# Your objective
Transcribe exactly the lines from the one containing "しかし現道は狭い所で道幅が3" through the end of the data, both included. Leave out pictures.

# Data excerpt
┏━━

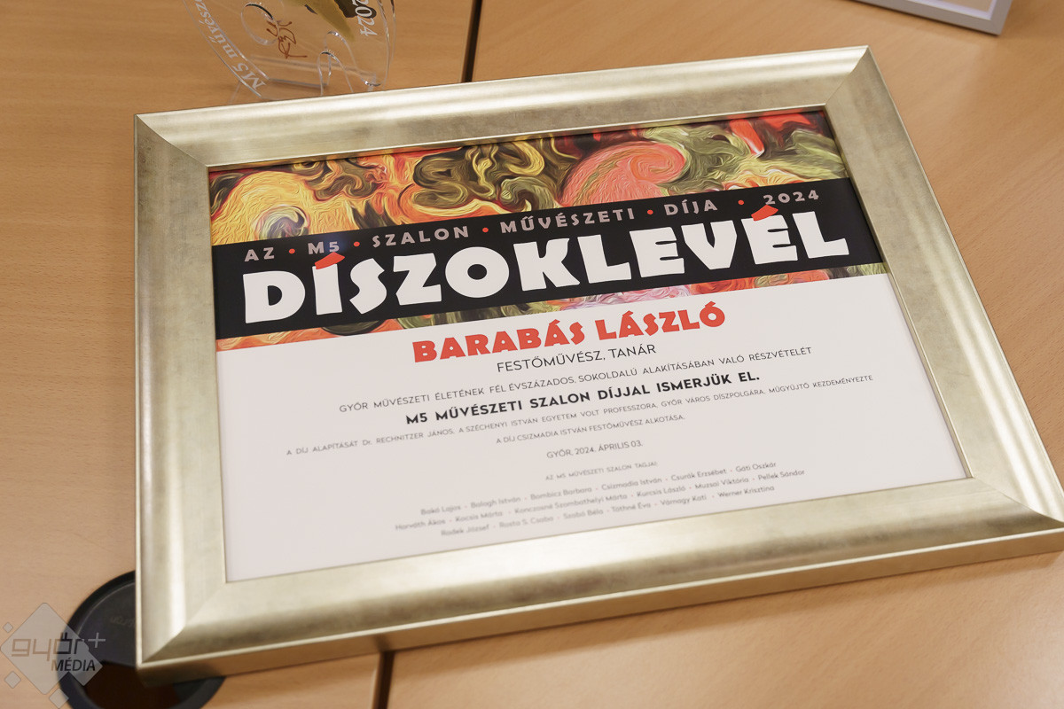 Idén április 3-án pedig átadták az M5 Művészeti Szalon-díjat. A díj alapítását még Rechnitzer János a Széchenyi Egyetem professzora , Győr Város díszpolgára, műgyűjtő kezdeményezte, de átadását már nem élhette meg.
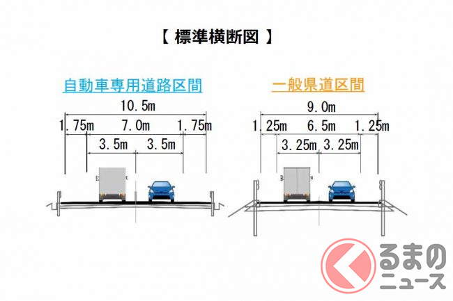 しかし現道は狭い所で道幅が3mほどと狭く、さらに法面崩落や積雪などで通行止めも発生しています。これを、幅9m以上の2車線道路に広げ、走りやすいバイパスとして新たに整備するというものです。
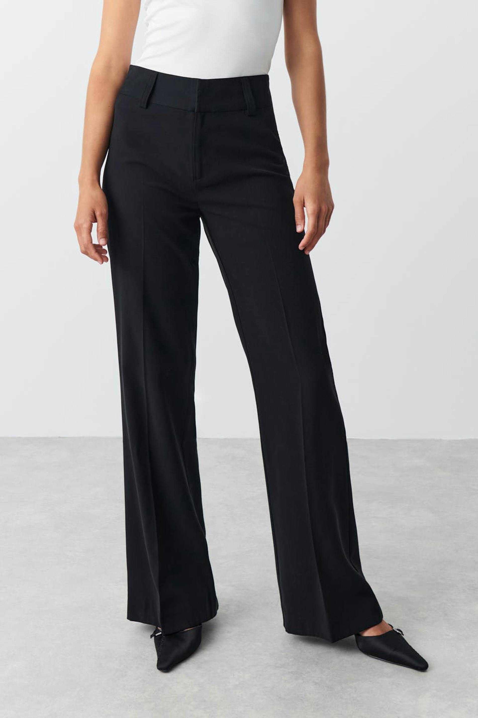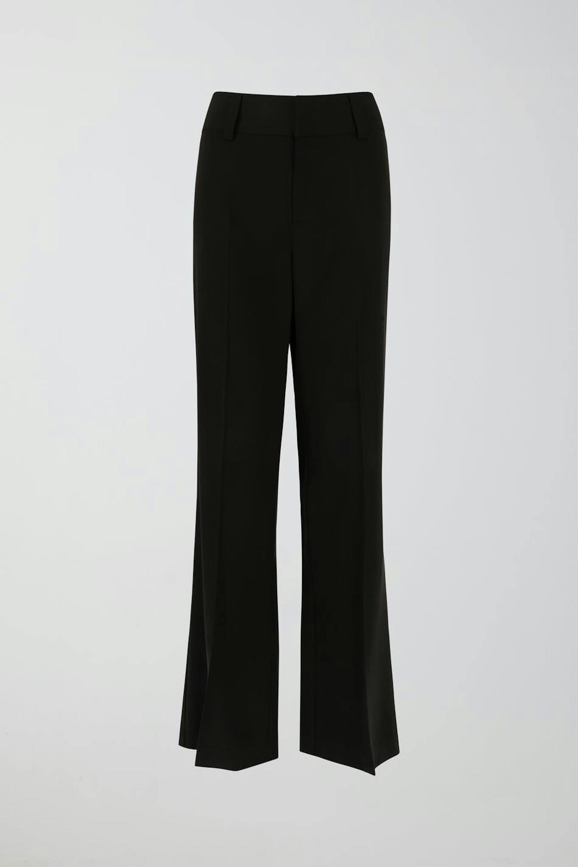 Puvunhousut laskoksilla. Housut ovat mustia ja niissä on lievästi levenevät jalat. Niissä on keskikorkea vyötärö, leveä vyötärönauha vyölenkeillä ja vetoketjusepalus hakaskiinnityksellä.

┗━━

# Written solution
 しかし現道は狭い所で道幅が3mほどと狭く、さらに法面崩落や積雪などで通行止めも発生しています。これを、幅9m以上の2車線道路に広げ、走りやすいバイパスとして新たに整備するというものです。
 Puvunhousut laskoksilla. Housut ovat mustia ja niissä on lievästi levenevät jalat. Niissä on keskikorkea vyötärö, leveä vyötärönauha vyölenkeillä ja vetoketjusepalus hakaskiinnityksellä.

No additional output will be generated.